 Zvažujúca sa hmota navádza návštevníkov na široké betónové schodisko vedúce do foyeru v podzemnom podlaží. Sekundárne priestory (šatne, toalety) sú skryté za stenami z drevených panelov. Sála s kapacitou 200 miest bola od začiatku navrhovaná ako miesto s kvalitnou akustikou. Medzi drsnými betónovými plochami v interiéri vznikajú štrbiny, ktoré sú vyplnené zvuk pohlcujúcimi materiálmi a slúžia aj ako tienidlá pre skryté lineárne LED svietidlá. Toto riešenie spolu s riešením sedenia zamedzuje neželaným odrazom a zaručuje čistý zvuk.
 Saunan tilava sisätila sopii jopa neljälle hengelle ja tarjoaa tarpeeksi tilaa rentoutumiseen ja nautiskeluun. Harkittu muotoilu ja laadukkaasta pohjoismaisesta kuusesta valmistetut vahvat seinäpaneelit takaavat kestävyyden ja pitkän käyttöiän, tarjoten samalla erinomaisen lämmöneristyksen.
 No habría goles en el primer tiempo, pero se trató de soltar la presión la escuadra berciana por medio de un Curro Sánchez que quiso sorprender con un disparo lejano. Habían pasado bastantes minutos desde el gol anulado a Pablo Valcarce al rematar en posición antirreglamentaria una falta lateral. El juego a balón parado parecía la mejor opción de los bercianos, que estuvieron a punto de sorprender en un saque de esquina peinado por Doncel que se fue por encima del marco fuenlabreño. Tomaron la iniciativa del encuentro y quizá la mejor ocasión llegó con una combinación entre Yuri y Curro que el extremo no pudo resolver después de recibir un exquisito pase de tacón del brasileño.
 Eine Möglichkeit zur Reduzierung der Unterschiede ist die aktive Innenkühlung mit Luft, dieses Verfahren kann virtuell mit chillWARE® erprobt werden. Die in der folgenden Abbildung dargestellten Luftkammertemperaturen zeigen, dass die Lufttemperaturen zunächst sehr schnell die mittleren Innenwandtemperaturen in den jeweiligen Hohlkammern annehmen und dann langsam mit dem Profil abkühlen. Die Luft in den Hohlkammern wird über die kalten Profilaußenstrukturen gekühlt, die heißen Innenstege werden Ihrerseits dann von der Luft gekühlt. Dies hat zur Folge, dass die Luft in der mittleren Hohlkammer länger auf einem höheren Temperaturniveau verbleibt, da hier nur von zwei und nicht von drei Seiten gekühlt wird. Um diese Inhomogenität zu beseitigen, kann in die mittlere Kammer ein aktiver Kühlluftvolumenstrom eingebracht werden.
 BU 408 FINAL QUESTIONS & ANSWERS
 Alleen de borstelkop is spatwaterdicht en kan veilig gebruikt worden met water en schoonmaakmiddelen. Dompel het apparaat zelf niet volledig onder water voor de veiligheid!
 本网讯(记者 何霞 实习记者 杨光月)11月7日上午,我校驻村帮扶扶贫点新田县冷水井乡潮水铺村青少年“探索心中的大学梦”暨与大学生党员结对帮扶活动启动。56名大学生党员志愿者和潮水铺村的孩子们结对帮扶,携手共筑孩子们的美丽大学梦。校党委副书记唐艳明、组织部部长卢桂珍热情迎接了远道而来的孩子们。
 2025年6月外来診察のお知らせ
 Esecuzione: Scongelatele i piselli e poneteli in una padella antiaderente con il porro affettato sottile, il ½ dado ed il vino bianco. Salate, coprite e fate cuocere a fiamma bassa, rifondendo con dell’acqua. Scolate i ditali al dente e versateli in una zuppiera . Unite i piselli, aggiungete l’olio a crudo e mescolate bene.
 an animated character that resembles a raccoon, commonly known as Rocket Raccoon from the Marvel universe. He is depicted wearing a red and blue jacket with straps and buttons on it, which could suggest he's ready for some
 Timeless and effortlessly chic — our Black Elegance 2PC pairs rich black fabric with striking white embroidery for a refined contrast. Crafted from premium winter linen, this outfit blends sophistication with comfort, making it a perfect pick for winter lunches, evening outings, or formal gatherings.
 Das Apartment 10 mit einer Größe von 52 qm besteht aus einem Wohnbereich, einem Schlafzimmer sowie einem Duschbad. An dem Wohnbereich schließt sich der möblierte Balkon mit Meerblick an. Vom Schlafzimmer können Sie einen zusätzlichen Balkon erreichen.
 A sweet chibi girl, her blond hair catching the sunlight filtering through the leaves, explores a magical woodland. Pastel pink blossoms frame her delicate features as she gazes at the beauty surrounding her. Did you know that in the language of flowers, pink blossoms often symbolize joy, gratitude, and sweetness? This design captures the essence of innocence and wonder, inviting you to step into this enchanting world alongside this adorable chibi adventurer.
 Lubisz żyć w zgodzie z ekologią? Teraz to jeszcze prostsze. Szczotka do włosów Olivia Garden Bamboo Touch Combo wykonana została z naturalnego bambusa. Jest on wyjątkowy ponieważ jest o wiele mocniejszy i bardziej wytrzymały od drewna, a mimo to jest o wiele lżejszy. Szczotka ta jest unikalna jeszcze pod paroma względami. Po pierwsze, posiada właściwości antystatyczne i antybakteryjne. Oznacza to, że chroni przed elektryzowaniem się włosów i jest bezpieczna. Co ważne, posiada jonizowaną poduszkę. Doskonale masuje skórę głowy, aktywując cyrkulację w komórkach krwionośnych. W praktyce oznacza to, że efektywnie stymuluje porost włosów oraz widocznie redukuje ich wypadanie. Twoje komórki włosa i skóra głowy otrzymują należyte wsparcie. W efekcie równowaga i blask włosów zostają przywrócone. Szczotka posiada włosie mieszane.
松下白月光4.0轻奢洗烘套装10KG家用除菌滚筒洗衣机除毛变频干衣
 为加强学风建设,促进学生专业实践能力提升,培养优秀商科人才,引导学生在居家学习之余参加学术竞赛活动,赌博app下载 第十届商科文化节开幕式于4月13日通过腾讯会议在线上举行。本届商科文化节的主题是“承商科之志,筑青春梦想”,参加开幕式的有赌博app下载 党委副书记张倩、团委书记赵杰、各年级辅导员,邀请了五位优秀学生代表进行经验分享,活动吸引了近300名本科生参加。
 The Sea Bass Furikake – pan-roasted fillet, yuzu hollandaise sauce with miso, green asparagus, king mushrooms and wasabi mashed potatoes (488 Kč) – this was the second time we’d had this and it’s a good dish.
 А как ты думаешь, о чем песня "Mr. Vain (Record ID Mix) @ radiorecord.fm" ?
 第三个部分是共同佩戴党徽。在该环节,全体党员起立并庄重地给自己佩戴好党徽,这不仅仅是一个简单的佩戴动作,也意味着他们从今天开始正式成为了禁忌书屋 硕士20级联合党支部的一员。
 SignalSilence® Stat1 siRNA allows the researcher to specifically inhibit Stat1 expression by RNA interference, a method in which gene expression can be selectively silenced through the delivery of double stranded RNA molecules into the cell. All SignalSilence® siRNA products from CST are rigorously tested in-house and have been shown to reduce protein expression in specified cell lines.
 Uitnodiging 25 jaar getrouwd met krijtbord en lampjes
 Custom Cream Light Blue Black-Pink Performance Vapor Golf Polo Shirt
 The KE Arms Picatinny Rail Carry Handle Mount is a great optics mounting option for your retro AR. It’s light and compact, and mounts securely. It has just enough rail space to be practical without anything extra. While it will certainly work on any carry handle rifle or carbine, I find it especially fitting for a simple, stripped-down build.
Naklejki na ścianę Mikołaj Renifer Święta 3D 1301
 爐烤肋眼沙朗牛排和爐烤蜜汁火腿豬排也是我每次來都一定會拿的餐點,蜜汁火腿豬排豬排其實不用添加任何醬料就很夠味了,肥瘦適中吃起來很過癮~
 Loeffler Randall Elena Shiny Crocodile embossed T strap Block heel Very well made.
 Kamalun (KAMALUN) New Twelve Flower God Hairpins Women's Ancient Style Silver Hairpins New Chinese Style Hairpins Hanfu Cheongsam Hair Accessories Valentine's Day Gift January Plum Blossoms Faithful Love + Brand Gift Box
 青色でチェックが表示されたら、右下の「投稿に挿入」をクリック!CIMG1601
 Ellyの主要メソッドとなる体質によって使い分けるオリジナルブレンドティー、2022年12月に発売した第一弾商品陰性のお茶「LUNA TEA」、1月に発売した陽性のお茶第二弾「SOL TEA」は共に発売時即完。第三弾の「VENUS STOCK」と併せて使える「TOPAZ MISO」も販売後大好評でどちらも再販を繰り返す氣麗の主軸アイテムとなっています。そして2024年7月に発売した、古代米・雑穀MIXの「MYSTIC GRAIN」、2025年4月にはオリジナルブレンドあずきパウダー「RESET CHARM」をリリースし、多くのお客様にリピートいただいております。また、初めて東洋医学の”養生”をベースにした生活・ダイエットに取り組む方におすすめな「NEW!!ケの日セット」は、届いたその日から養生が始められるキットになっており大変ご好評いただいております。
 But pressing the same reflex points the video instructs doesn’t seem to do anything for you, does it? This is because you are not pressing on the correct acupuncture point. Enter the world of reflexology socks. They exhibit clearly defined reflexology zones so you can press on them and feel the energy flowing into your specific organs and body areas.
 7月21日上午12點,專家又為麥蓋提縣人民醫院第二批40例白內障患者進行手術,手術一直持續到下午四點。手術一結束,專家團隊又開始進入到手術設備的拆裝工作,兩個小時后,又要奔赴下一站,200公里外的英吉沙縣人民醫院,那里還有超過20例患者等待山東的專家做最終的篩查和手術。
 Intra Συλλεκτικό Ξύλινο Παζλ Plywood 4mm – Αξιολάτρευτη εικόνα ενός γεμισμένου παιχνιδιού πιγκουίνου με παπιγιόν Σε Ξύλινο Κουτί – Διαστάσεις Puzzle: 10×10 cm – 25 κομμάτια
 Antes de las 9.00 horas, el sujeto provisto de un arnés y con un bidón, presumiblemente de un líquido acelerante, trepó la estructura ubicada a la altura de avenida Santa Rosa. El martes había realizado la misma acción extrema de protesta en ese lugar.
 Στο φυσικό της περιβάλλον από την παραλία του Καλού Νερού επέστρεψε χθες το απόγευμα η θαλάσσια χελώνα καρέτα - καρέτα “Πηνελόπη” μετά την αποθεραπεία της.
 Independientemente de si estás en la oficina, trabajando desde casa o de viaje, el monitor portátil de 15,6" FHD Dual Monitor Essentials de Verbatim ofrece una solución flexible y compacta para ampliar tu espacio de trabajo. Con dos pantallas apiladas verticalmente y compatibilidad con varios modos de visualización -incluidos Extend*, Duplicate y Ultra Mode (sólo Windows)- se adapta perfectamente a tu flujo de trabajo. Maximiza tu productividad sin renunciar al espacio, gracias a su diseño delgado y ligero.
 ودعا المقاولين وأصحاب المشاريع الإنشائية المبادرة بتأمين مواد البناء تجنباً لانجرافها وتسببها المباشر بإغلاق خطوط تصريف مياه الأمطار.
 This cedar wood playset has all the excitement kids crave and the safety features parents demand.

□ □ □

__Problem__: Would you return each line of the material above, unchanged, from the first one through the line where "No habría goles" appears?

__Solution to this problem__:
 Zvažujúca sa hmota navádza návštevníkov na široké betónové schodisko vedúce do foyeru v podzemnom podlaží. Sekundárne priestory (šatne, toalety) sú skryté za stenami z drevených panelov. Sála s kapacitou 200 miest bola od začiatku navrhovaná ako miesto s kvalitnou akustikou. Medzi drsnými betónovými plochami v interiéri vznikajú štrbiny, ktoré sú vyplnené zvuk pohlcujúcimi materiálmi a slúžia aj ako tienidlá pre skryté lineárne LED svietidlá. Toto riešenie spolu s riešením sedenia zamedzuje neželaným odrazom a zaručuje čistý zvuk.
 Saunan tilava sisätila sopii jopa neljälle hengelle ja tarjoaa tarpeeksi tilaa rentoutumiseen ja nautiskeluun. Harkittu muotoilu ja laadukkaasta pohjoismaisesta kuusesta valmistetut vahvat seinäpaneelit takaavat kestävyyden ja pitkän käyttöiän, tarjoten samalla erinomaisen lämmöneristyksen.
 No habría goles en el primer tiempo, pero se trató de soltar la presión la escuadra berciana por medio de un Curro Sánchez que quiso sorprender con un disparo lejano. Habían pasado bastantes minutos desde el gol anulado a Pablo Valcarce al rematar en posición antirreglamentaria una falta lateral. El juego a balón parado parecía la mejor opción de los bercianos, que estuvieron a punto de sorprender en un saque de esquina peinado por Doncel que se fue por encima del marco fuenlabreño. Tomaron la iniciativa del encuentro y quizá la mejor ocasión llegó con una combinación entre Yuri y Curro que el extremo no pudo resolver después de recibir un exquisito pase de tacón del brasileño.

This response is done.